Chapter Twenty-three
t ten o’clock on the evening of the party Maura could wait no longer. She had asked Tom to go up to his room and bring down a disc of his which she claimed the guests wanted to hear. On his way back she confronted him.
‘Tom, what’s wrong? And you know what I mean.’
‘Well, let’s put it like this. For the foreseeable future there will be no new Mrs McCall at Londiani.’
Maura closed her eyes and tilted her head forwards. After a deep sigh, ‘It wasn’t you.’
He shook his head. ‘She told me this afternoon. She wouldn’t say why. But tells me that she still loves me. You work that one out.’
‘I’ll tell your father. We can talk later if you want.’
By midnight all the guests had left except for Bertie. Tom was grateful that he had been spared the embarrassment of announcing his news.
‘I appreciate you all sitting around like this, when I know you’re longing for your beds.’
‘Tom, you know my drinking rate slows down after ten and I’ve got this White-cap to finish. Can’t waste good beer!’
‘Come off it, Bertie. Anyway you lot are keeping me up.

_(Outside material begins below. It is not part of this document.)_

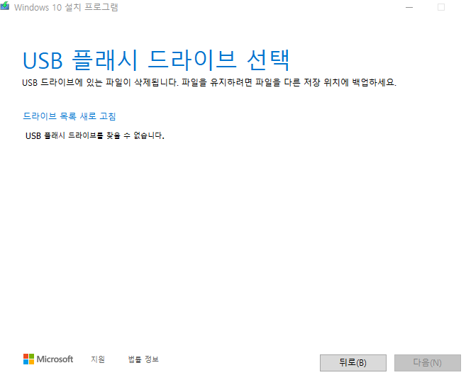 저는 지금 따로 컴퓨터에 연결해둔 장치가 없어서 목록이 보이지 않는데, 목록이 보이면 항목을 선택하고 다음을 누르면 윈도우10 usb 부팅디스크의 만들기가 될 것입니다. 엄청 간단하죠?

I’ve got two letters to write. I’d like to do them when … things are fresh.’
Eddie and Rollo started the exodus. Rollo had to pass close to Tom. ‘Tom, I feel shattered by all this. I dread to think …’
‘Now don’t go all sentimental on me, brother of mine! You’ll have me in tears.’
As he passed, Eddie touched Tom on the shoulder. ‘See you in the morning then. We’ll be coming down with you. Give us a shout.’